Par Reghai Yasmina
Tendez l’oreille : ce que la jeunesse marocaine n’arrive plus à crier dans la rue, elle le crache dans un micro. Brut, nerveux, saturé d’émotions, le rap est devenu son cri de guerre… ou du moins, son cri domestiqué.
Car oui, nos rappeurs montent sur scène, mais pas sur leurs grands chevaux. Ils dénoncent, mais à demi-voix. Ils crient, mais dans la bonne direction. Pas de noms, pas d’adresses, pas de vagues — ou du moins, pas trop hautes. Le message ? “Fais du bruit, mais pas trop. Éclate-toi, mais sans éclabousser.”
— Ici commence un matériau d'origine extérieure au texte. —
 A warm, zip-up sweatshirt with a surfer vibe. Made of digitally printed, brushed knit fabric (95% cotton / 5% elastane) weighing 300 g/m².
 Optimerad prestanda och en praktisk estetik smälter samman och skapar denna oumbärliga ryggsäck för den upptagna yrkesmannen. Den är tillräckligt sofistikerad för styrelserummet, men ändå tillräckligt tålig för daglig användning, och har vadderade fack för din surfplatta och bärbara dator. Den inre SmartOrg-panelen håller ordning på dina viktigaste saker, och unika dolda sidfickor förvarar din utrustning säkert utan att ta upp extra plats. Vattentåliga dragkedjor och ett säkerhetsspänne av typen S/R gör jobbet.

Résultat : un rap plein de verve, mais parfois vidé de venin. Un couscous sonore, savoureux, mais sans l’harissa. Le beat est là, le flow aussi. Mais entre deux punchlines, on sent poindre une prudence. Une autocensure fine, presque élégante. L’art de dire sans dire, de viser sans tirer.
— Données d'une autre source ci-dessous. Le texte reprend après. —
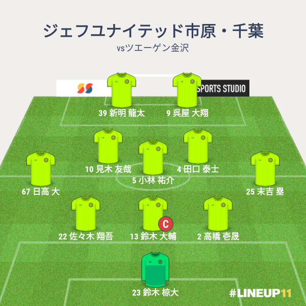 ジェフの先発メンバーは、GKに新井、CBに鈴木と佐々木と壱晟、アンカーに小林、IHFに田口と見木、右WBに末吉、左WBに日高、2トップに呉屋と新明という布陣でした。
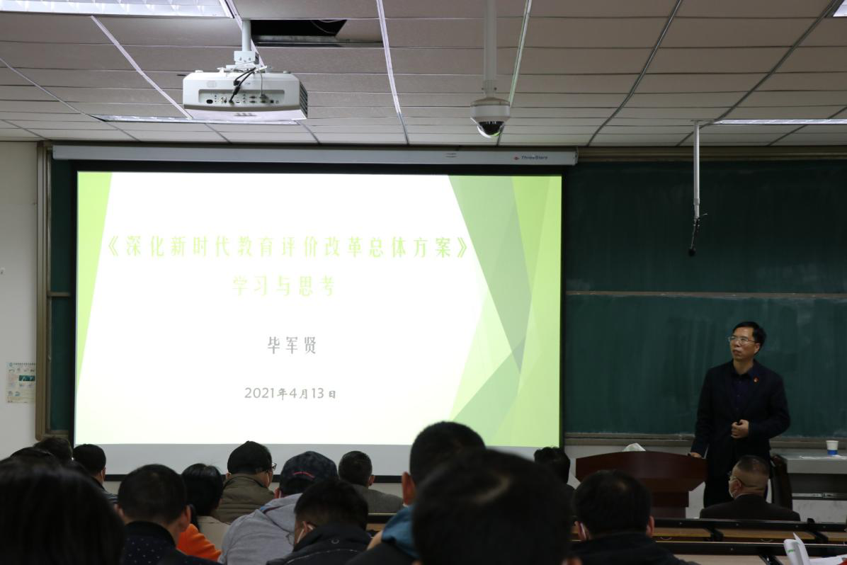 (通讯员:王莉)4月13日下午,公司联合艺术设计公司、国际教育公司、体育教学部邀请合作与发展规划处处长毕军贤在一号楼326教室为四个教公司部全体教师做《深化新时代教育评价改革总体方案》解读宣讲,会议由外国语公司党委书记王东旭主持。

Les artistes jonglent avec la ligne rouge comme des funambules en plein vent. Une chanson disparaît mystérieusement des plateformes ? Problème de copyright. Un concert annulé à la dernière minute ? Souci technique. Un rappeur qui s’éclipse sans préavis ? Projets perso, voyons. Tout est normal. Enfin… presque.
Mais attention : la relève arrive. Une jeunesse créative, affûtée, pas dupe. Elle a du souffle, du style, et la rage lucide. Jusqu’où ira-t-elle ? Jusqu’où la laissera-t-on aller ? Entre les doigts invisibles de YouTube et les petits messages “bienveillants”, la marge se réduit à vue d’œil.
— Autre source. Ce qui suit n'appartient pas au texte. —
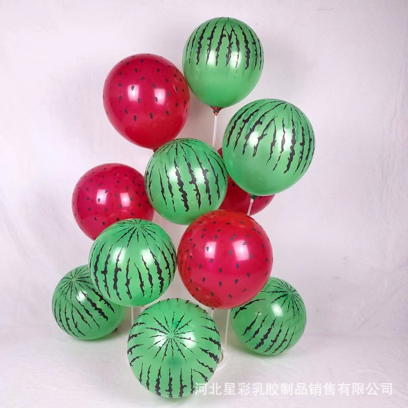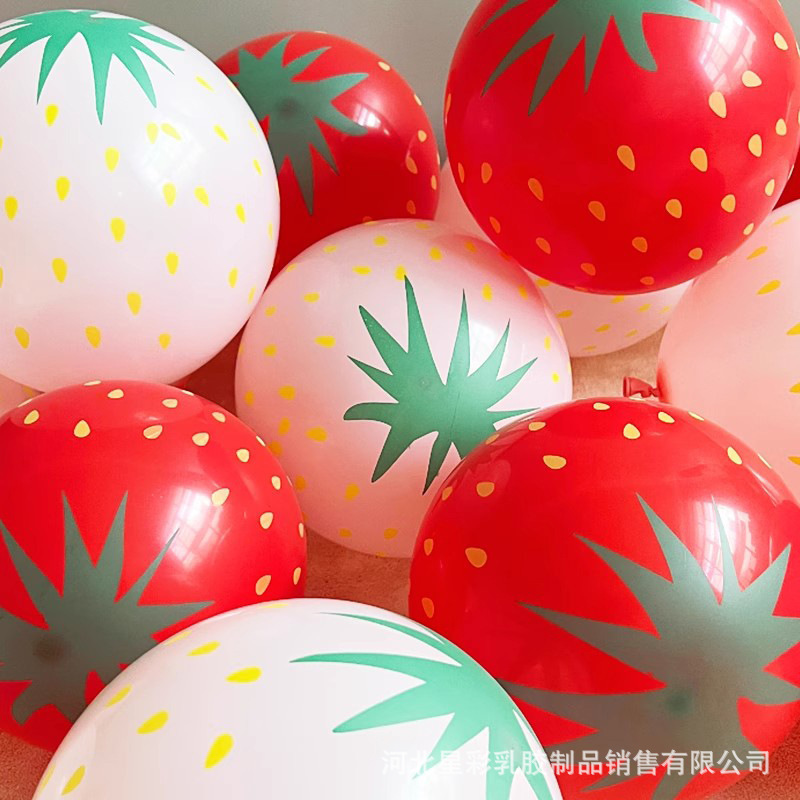 亚马逊批发草莓印花气球12寸网红西瓜籽乳胶气球儿童节节庆装饰品
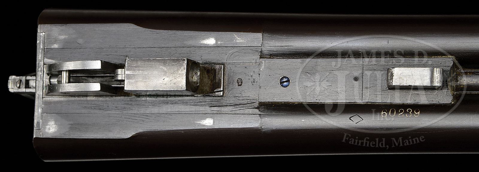 *HIGH CONDITION LEFEVER GE. SN 60239. Cal. 12 ga. 2-3/4″ Chambers. 28″ Steel ejector bbls with raised, flat, matted rib, are marked with a diamond and SN on bottom of left bbl. Case hardened action with internal ejectors and late cocking hook features automatic safety, pin type cocking indicators, and double triggers. Action is engraved with wiggle borders having light scroll flourishes, and with a larger scroll flourish at center of each lockplate, which are also stamped “LEFEVER ARMS CO SYRACUSE NY USA”. Trigger plate is marked with all patent dates, the last being 1907. Blued trigger guard has a flourish of scroll on bow. Lightly stump figured European walnut capped pistol grip buttstock has standard point pattern checkering at grip, and measures 14-1/4″ over checkered composition buttplate with circular Lefever logo. Matching splinter forend has typical Lefever snap release. Bore diameter: left-.728, right -.728. Bore restrictions: left -.039 (Full), right -.019 (Mod). Wall thickness: left -.029, right -.031. Drop at heel: 2-7/16″, drop at comb: 1-5/8″. Weight: 7 lbs. 2 oz. LOP: 14-1/4″. CONDITION: Excellent. Bbls retain approx 98% orig blue with only a few light marks. Action retains approx 90% orig case hardening color, as well as a great deal of orig varnish, silvering on bottom, and on top tang. Trigger guard retains most of its orig blue. Stocks retain nearly all of what appears to be their orig finish, possibly with added oil on butt, over some minor marks. Bores are excellent, bright and shiny. Action is tight. Ejectors are strong and in time. A fine example of what many people feel to be the most innovative and graceful shotguns made in America. 4-49265 MGM133 (3,000-5,000)
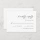 Det här handskrivna skriptet Simple Modern Bröllop OSA-kortet är perfekt för par som vill ha ett rent och elegant och leta efter bröllop. Utformningen har ett svart och vitt färg-schema med minimalistisk beröring. Kortet har en enkel och lättläst design som gör det enkelt för gästerna att svara. I designen ingår en kombination av klassisk serif typsnitt och ett handskrivet calligraphy-skriptteckensnitt, som lägger till en personlig och klasslig tryckning. Det är perfekt för par som är tittar för ett sofistikerat och boho-chic-responskort från stil bröllop som kommer att matcha vilken säsong som helst bröllop, oavsett om det är sommar, vår eller vinter. Det här kortet är enkelt att anpassa, klicka bara på "Anpassa" och ange dina uppgifter. Glöm inte att checka ut resten av samlingen för matchande objekt.

Le rap marocain est vivant, mais sous surveillance. Une révolte au ralenti. Un cri filtré. Et si demain, l’un d’eux décidait de ne plus chuchoter mais de hurler ? Qu’il prévoie un micro solide… et un bon avocat.
En attendant, les jeunes continueront de scander “Weld Bladi”, en espérant que Bladi les écoute. Et ne leur coupe pas le son.